The invention relates to a transmission for a motor vehicle and a drive train for a motor vehicle with such a transmission. A transmission refers here in particular to a multi-gear transmission in which a large number of gears, ie fixed transmission ratios between the input shaft and the output shaft of the transmission, can be shifted, preferably automatically, by shifting elements. The switching elements are, for example, clutches or brakes. Transmissions of this type are primarily used in motor vehicles in order to adapt the speed and torque output characteristics of the drive unit to the driving resistance of the vehicle in a suitable manner.

The patent application U.S. 2009/0264237 A1 describes an automatic transmission with an input shaft, an output shaft, an intermediate shaft, a simple speed-increasing planetary gear set, a double planetary gear set with four shafts in speed order, and three clutches and two brakes. The double planetary gear set is designed as a Ravigneaux gear set.

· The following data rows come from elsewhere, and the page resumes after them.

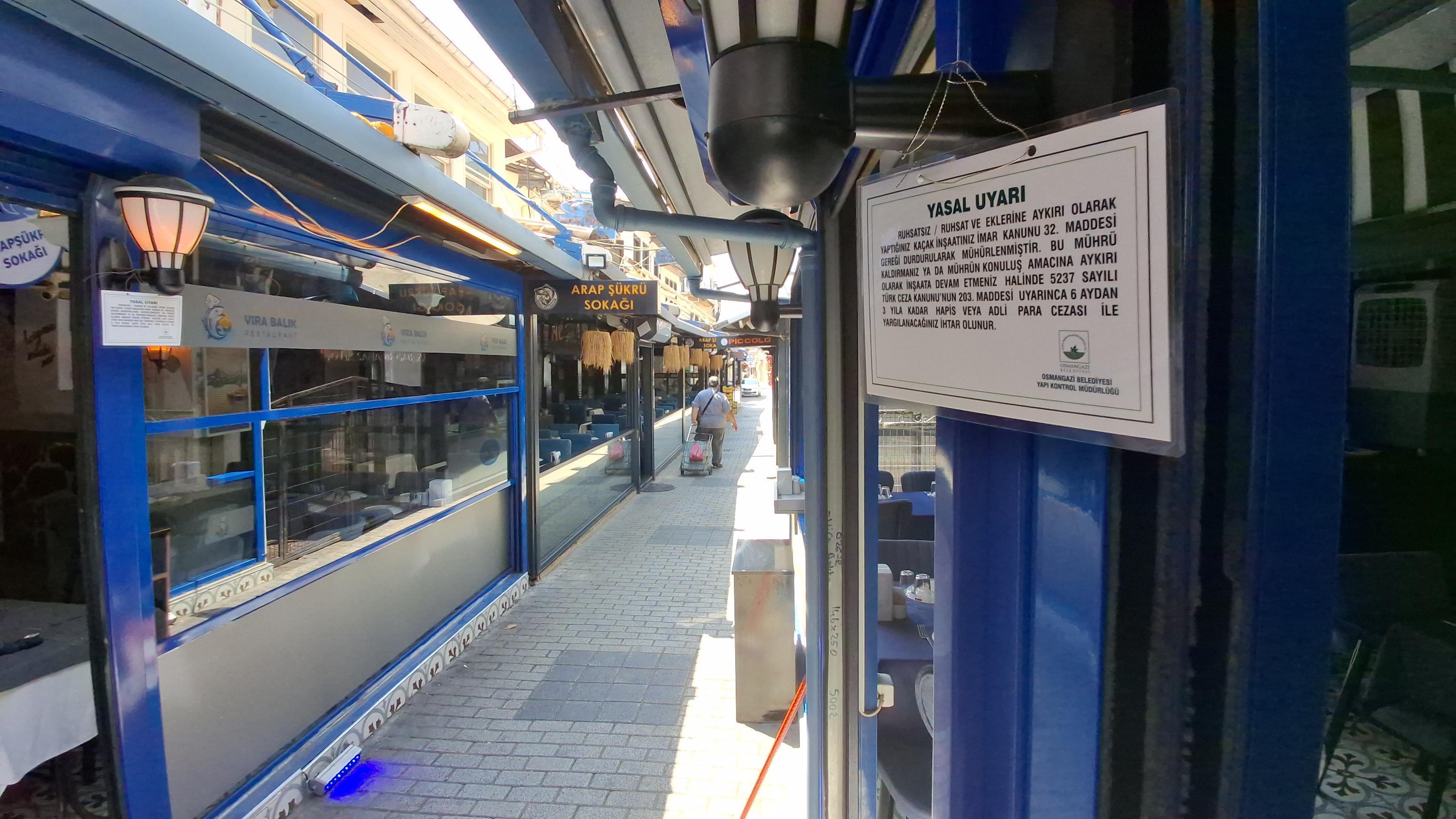 Denizhan TECİK-Mehmet Can YEŞİLBAŞ/BURSA, (DHA)- BURSA'nın, tarihi ve eğlence hayatıyla özdeşleşen Arap Şükrü Sokağı’nda, geçmiş dönem belediye başkanı tarafından yaptırılan cam bölme ve tenteler nedeniyle, 11 işletme Osmangazi Belediyesi tarafından mühürlendi.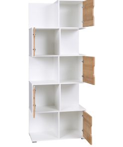 Mobile libreria composta da 5 vani a giorni e 5 ante, disposte in maniera alternata che regala un aspetto dinamico e uno stile unico e stiloso. Realizzata in legno con struttura bianco opaco, le 5 ante sono contrastate dalla finitura naturale del legno.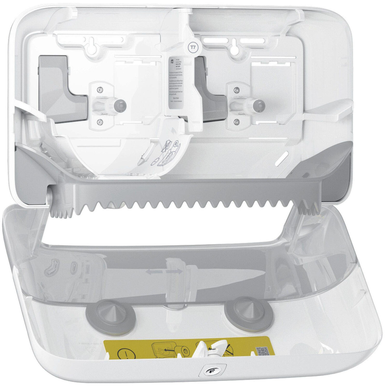 Der TORK Toilettenpapierspender in elegantem Weiß ist die perfekte Lösung für eine hygienische und praktische Handhabung von Toilettenpapier. Mit einem Fassungsvermögen für zwei Rollen ist dieser Spender ideal für viel frequentierte Bereiche und sorgt dafür, dass stets ausreichend Papier zur Verfügung steht. Dieser Doppelrollenspender ist speziell für die Wandmontage konzipiert und lässt sich problemlos in verschiedenen Umgebungen installieren. Die abschließbare Funktion bietet zusätzlichen Schutz und Sicherheit, sodass der Inhalt vor unbefugtem Zugriff geschützt ist. Besonders hervorzuheben ist die Möglichkeit der Außenabrollung, die eine einfache und benutzerfreundliche Entnahme des Papiers ermöglicht. Hergestellt aus robustem Kunststoff, ist der TORK Toilettenpapierspender nicht nur langlebig, sondern auch leicht zu reinigen und zu pflegen. Mit den Außenmaßen von 36,0 x 13,0 x 20,7 cm passt er in nahezu jede Umgebung, sei es in öffentlichen Toiletten, Büros oder Gastronomiebetrieben. Der Spender ist für Kleinrollen und Toilettenpapier geeignet, was ihn zu einer flexiblen Wahl für unterschiedliche Bedürfnisse macht. Die schlichte weiße Farbe fügt sich harmonisch in jedes Badezimmerdesign ein und sorgt für einen modernen und gepflegten Eindruck. Mit diesem TORK Toilettenpapierspender investierst du in eine praktische und stilvolle Lösung für deine sanitären Einrichtungen, die sowohl Funktionalität als auch Ästhetik vereint.Technische Daten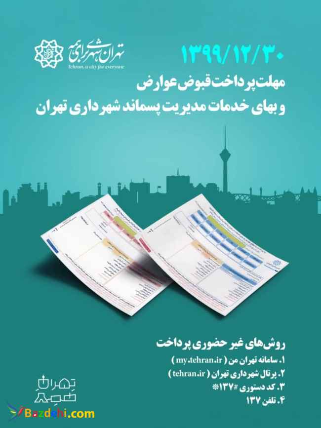 قبوض انبوه عوارض پایدار سال1399 شهرداری تهران توزیع گردید قبوض انبوه عوارض پایدار سالجاری شهرداری تهران به منظور ارتقاء سطح درآمد های پایدار شهرداری تهران و جلب مشارکت شهروندان تهرانی توزیع گردید. بر این اساس قبوض عوارض نوسازی، عوارض کسب و پیشه و بهای خدمات مدیریت پسماند، از طریق شرکت پست جمهوری اسلامی ایران در مناطق 22گانه شهر تهران توزیع شده است و این قبوض صرفا برای مودیان بدهکارارسال شده است و پرداخت عوارض شهرداری تهران از ابتدای هر سال از طریق درگاه های غیر حضوری امکان پذیر می باشد و شهروندان تهرانی می توانند، از طریق سامانه تهران-من(my.tehran.ir) ،کد دستوری #137* ، پرتال شهرداری تهران به نشانیwww.tehran.ir (در این سامانه قابلیت تقسیط عوارض و بهای خدمات وجود دارد)، سامانه تلفنی 137 ، اینترنت بانک، همراه بانک ، تلفنبانک، ATM واز طریق درگاههای غیر حضوری بانکهای طرف قرارداد شهرداری تهران نسبت به پرداخت قبوض اقدام نمایند و یا به صورت حضوری به دفاتر خدمات الکترونیک شهر مراجعه نمایند. به منظور رعایت پروتکل های بهداشتی و کاهش مراجعه حضوری به مناطق یا دفاتر خدمات الکترونیک شهر، جهت پرداخت عوارض و بهای خدمات مدیریت پسماند می توان با ورود کد شناسایی15 رقمی(شماره بلوک، ملک و واحد و ردیف مالک) ملک یا آپارتمان و یاکد 12 رقمی واحد غیر مسکونی( شماره بلوک، ملک و واحد) که برای هر ملک منحصر به فرد(یونیک) است، از طریق یکی از روشهای غیرحضوری اقدام نمود. ضمنا امکان استعلام کدشناسایی ملک و پرداخت عوارض متعلقه در سامانه"تهران-من" و صفحه my.tehran.ir/melk (از طریق نقشه جانمایی) نیز امکان پذیر می باشد. ضمنا این کد در بالای قبوض عوارض و بهای خدمات مدیریت پسماند نیز درج شده است. ضمنا به شهروندانی که عوارض ملک خود را تا تاریخ30/12/1399پرداخت کنند،بر اساس ماده۱۰ قانون نوسازی و عمران شهری، به میزان ۱۰% جایزه خوش حسابی تعلق می گیرد که در قبوض عوارض محاسبه شده و چنانچه تا تاریخ فوق عوارض را نپردازند ازآغاز سال بعد ملزم به پرداخت 9% زیان دیرکرد در سال به نسبت مدت تأخیر خواهند بود. ضمنا جایزه خوش حسابی بهای خدمات مدیریت پسماند(مسکونی وغیرمسکونی) نیز به صورت یک و نیم درصد درهرماه محاسبه می گردد و در صورت عدم پرداخت در زمان مقرر، بر مبنای تعرفه آخرین مصوبه شورای اسلامی شهر تهران در زمان پرداخت، محاسبه می گردد. همچنین مودیانی که عوارض کسب و پیشه ملک خود را تا پایان سال جاری پرداخت نمایند نیز، مشمول 10% جایزه خوش حسابی می شوند. به استناد آیین نامه دریافت عوارض کسب و پیشه و مصوبات ستاد ملی مدیریت بیماری کرونا در ارتباط با شرایط بازگشایی اصناف، واحد های غیرمسکونی مشمول به ازای تعداد ماه های تعطیل از پرداخت عوارض و بهای خدمات مدیریت پسماند معاف شده اند. به منظور حذف قبوض کاغذی و اطلاع از آخرین وضعیت بدهی عوارض و بهای خدمات مدیریت پسماند و سایر خدمات الکترونیکی، شهروندان گرامی می توانند شماره شناسایی مندرج در روی قبوض را به شماره 1370000070 پیامک کنند. قبوض انبوه عوارض پایدار سال1399 شهرداری تهران پرداخت بهای خدمات مدیریت پسماند هزینه پسماند سال ۹۹ عوارض پسماند چیست هزینه پسماند شهرداری هزینه پسماند شهرداری سال ۹۷ هزینه پسماند سال 98 عوارض کسب و پیشه شهرداری نحوه محاسبه عوارض نوسازی شماره شناسایی 15 رقمی ملک پرداخت بهای خدمات ایمنی پرداخت عوارض شهرداری خودرو عوارض پسماند چیست هزینه پسماند سال ۹۹ عوارض کسب و پیشه شهرداری عوارض نوسازی

It is known from the prior art to equip automatic transmissions of this type with an electric machine in order to provide a hybrid drive for a motor vehicle. the DE 198 49 051 C1 shows such a structure, with the electric machine being arranged between the internal combustion engine and the torque converter of the transmission.

It is now the object of the invention to modify the automatic transmission according to the patent application mentioned at the outset in such a way that the automatic transmission is suitable for use in a hybrid drive train and is characterized by a particularly compact design.

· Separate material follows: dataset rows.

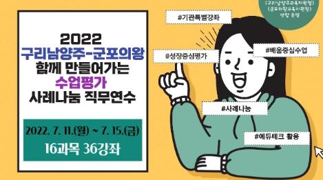 [한국뉴스타임=편집국] 경기도구리남양주교육지원청은 경기도군포의왕교육지원청과 연합하여 구리남양주와 군포의왕 지역의 희망 교사 대상으로 2022년 7월 11일(월)부터 7월 15일(금)까지 5일간 ‘2022 함께 만들어가는 수업평가 사례나눔 직무연수(16과목 36강좌)’를 실시한다.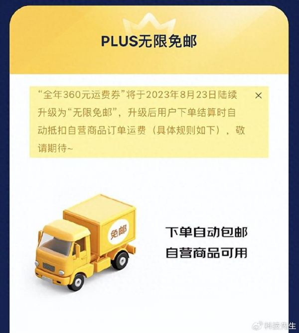 科技先生8 月 23 日讯,昨天下午就一直有“传言”京东Plus权益将有重大调整,原来的99 元包邮将升级到无限免邮,听上去很不错啊!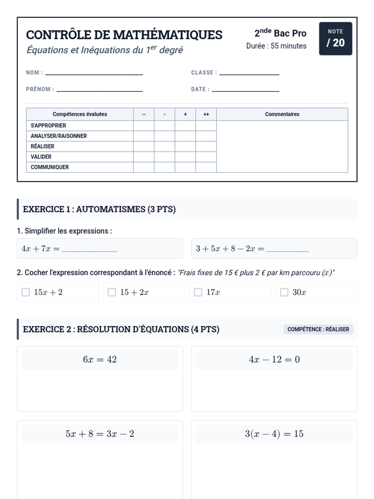 A standard 9th-grade math assessment focusing on exponents, percentages, and financial word problems. Designed with a clean blueprint theme suitable for formal testing.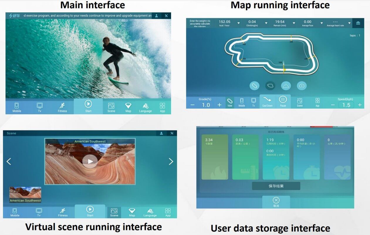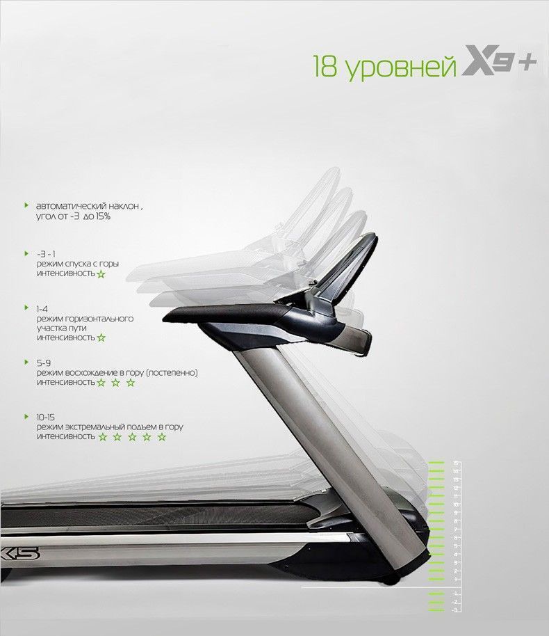 Пользователю дорожки доступны 10 программ тренировки, режим спуска с горы при наклоне от -1 до 3%, высокоинтенсивные тренировки с наклоном до 15%, 15,6 дюймовый тачскрин с ОС Андроид, WI-FI, популярными приложениями. В программном режиме возможно удалять встроенные приложения и устанавливать Google Play приложения c USB накопителя. Скорость дорожки подойдет как для новичка, так и для профессионального атлета - от 0,8 до 20 км/ч.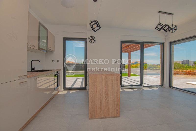• Prizemlje: Kuhinja s otokom izrađena po mjeri, blagovaonica, dnevni boravak, predsoblje, spremište, gostinjski WC.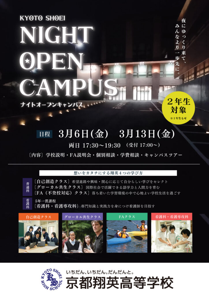 両日とも17:30からナイトオープンキャンパスを開催します。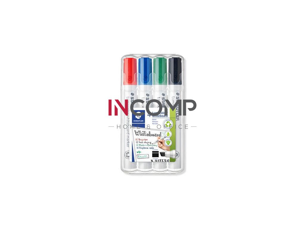 Popisovače na tabule a flipchartové tabule, sada, zrezaný hrot, STAEDTLER "Lumocolor 351 B", 4 rôzne farby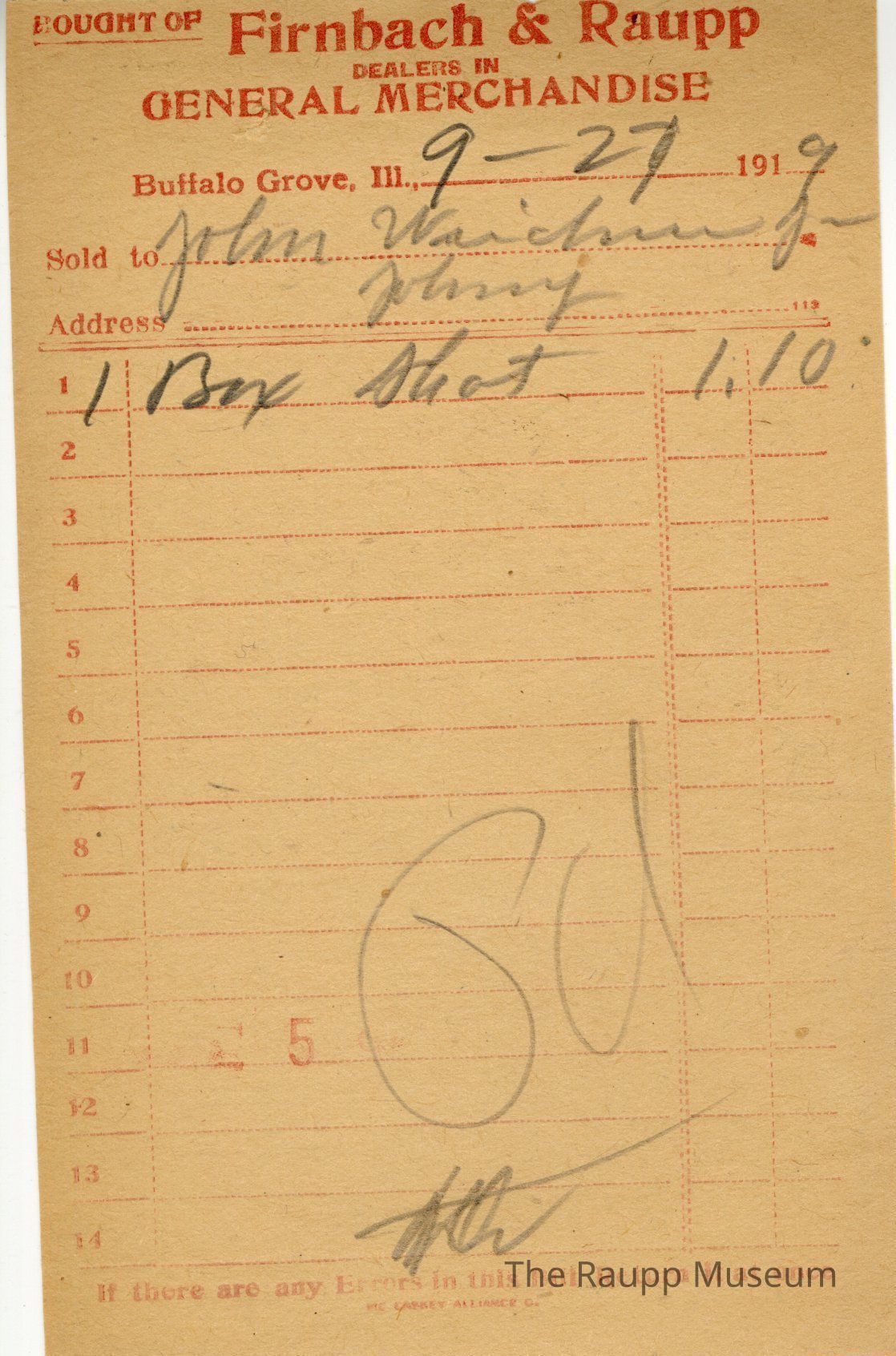 One (1) Firnbach and Raupp store receipt from September 26, 1919. Receipt is rectangular with red printed text and written notes in pencil. The receipt is for John Weidner J. Johnny (?), who bought one box shot for $1.10. Bill total is $1.10. There is a red stamp of 5 towards the bottom and the bill is marked as paid. The red text is as follows, from top to bottom: Bought of Firnbach & Raupp; Dealers in GENERAL MERCHANDISE; Buffalo Grove, Ill.; Sold to; Address; If there are any Errors in this Bill Return it at once; MCCASKEY ALLIANCE O.Archive Details

The object is achieved by the features of patent claim 1. Advantageous refinements result from the dependent patent claims, the description and the figures.

To solve the problem, a transmission is proposed with an input shaft, an output shaft, a transfer gearset, a main gearset designed as a Ravigneaux gearset, and a first, second, third, fourth, and fifth shifting element. By closing the first switching element, the drive shaft can be connected to a first sun gear of the main gear set. By closing the second switching element, the drive shaft can be connected to a second sun gear of the main gear set. By closing the third switching element, the second sun wheel can be fixed in a rotationally fixed manner. By closing the fourth shifting element, a carrier of the main gearset can be fixed in a rotationally fixed manner. A mechanical power path can be produced between the drive shaft and the web by closing the fifth switching element. The transfer gearset is arranged in the power path and is set up to provide the carrier of the main gearset with an increased speed compared to the speed of the drive shaft. The output shaft is permanently connected to a ring gear of the main gear set.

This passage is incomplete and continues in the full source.